Todos desejamos que as crianças sejam felizes. A questão é saber se isso é algo que se imponha de fora. O que me choca nesta questão do matrimónio é que só se tem o que o Timshell diz: correlações. Ora isto nem sequer significa causalidade. E se pensarmos um pouco veremos que não são as instituições a garantir "que os progenitores tendem a pensar mais cada um em si próprio que nos outros membros da família." E nem sequer acho que seja isto que dá a felicidade a uma criança.
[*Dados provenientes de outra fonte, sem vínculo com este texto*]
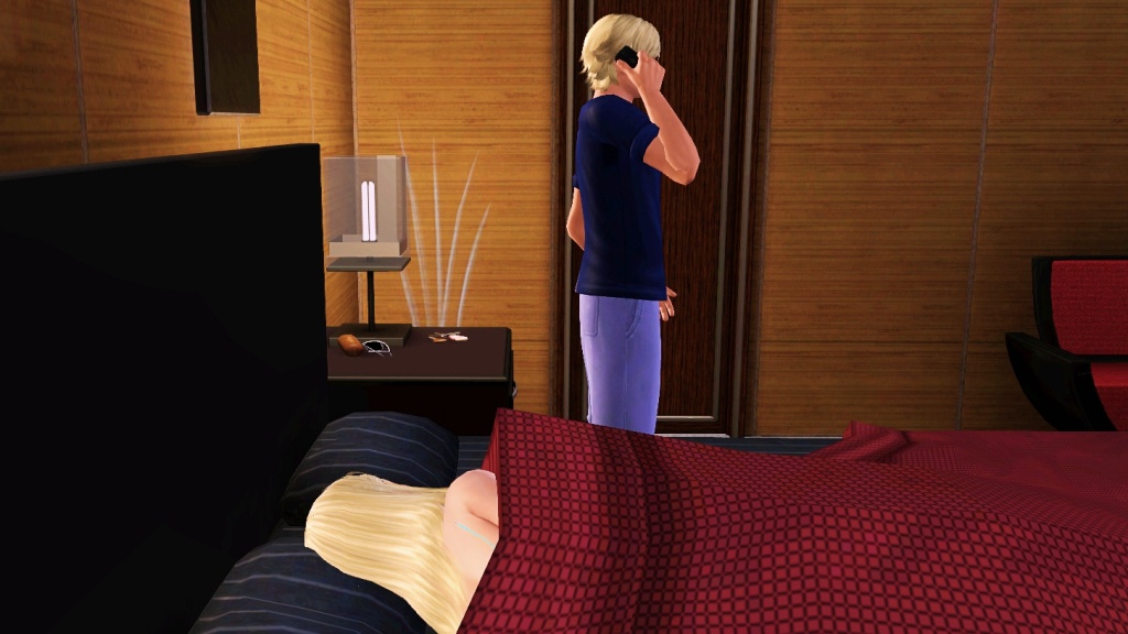 But the ringing of his cell phone on the nightstand woke him up and made him sit up.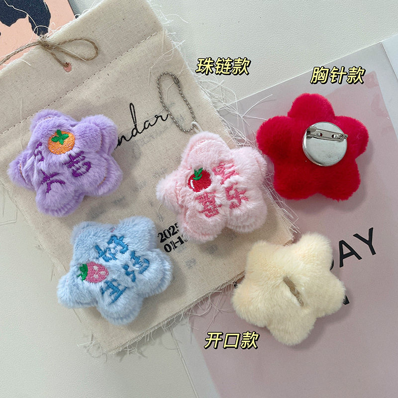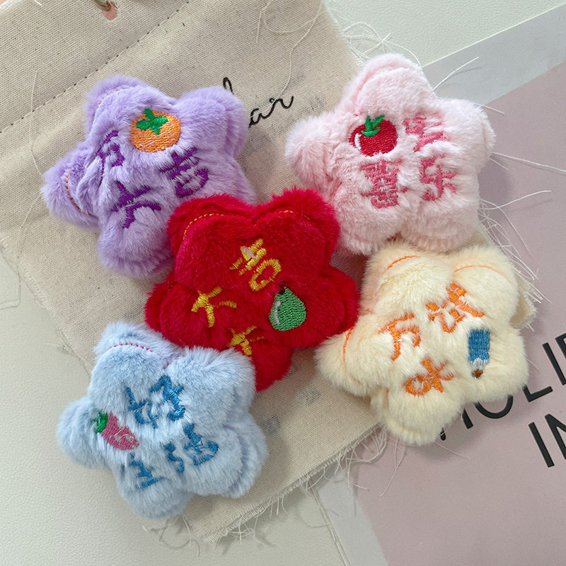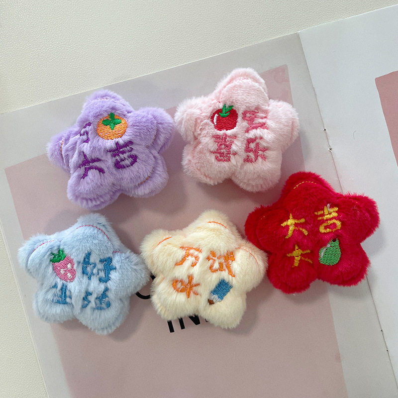 创意五角星毛绒玩偶挂件diy拖鞋配件祝福星星胸针服饰发饰辅料

Sendo assim parece-me pouco adequado andarmos a acenar com bandeiras deste género. Haverá certamente correlações positivas entre a felicidade (medida como, já agora?) das crianças e muitos outros factores na vida. Além disso, aposto que os factores com os quais se encontra correlação dependerá certamente do modo como medirmos a felicidade. E acrescente-se: a felicidade mede-se durante a educação da criança ou ao longo de toda a vida? É que uma criança preparada para a vida pode ser menos feliz até à idade adulta mas mais feliz perante o mundo. Uma criança pode ser muito feliz na infância e juventude e ser infeliz na idade adulta.

Mais grave do que andar a acenar bandeiras é a sugestão difusa e levada ao concreto no caso da procriação assistida: deve-se impedir de ter filhos quem não tiver uma família tradicional. Partiu-se de uma vaga correlação e, com este tipo de mentalidade, já se está a entrar num terreno em que não se tem o direito de entrar. A prova de que não se tem o direito de entrar no terreno de decidir se os outros podem ter filhos ou não é que estas "famílias exemplares" nunca tolerariam um exame objectivo por um psicólogo ou por um assistente social como condição prévia a poderem iniciar uma gravidez. Garanto-lhe que muitas têm filhos sem terem condições para os fazer felizes. O que digo é que começamos com uma preocupação com a felicidade das crianças, misturamos a defesa da instituição abstracta e, se formos coerentes até ao fim (já escrevi antes que estes moralismos normalmente são delimitados à procriação assistida; a ética da felicidade controlada é boa, mas só para os outros), acabaremos num estado que exige que as pessoas obtenham uma licença de paternidade antes de poderem iniciar uma gravidez, punindo que não o fizer. A imposição externa de limites à paternidade tem já uma história apreciável mas, do meu ponto de vista, nada desejável: filho único, esterilizações forçadas, etc.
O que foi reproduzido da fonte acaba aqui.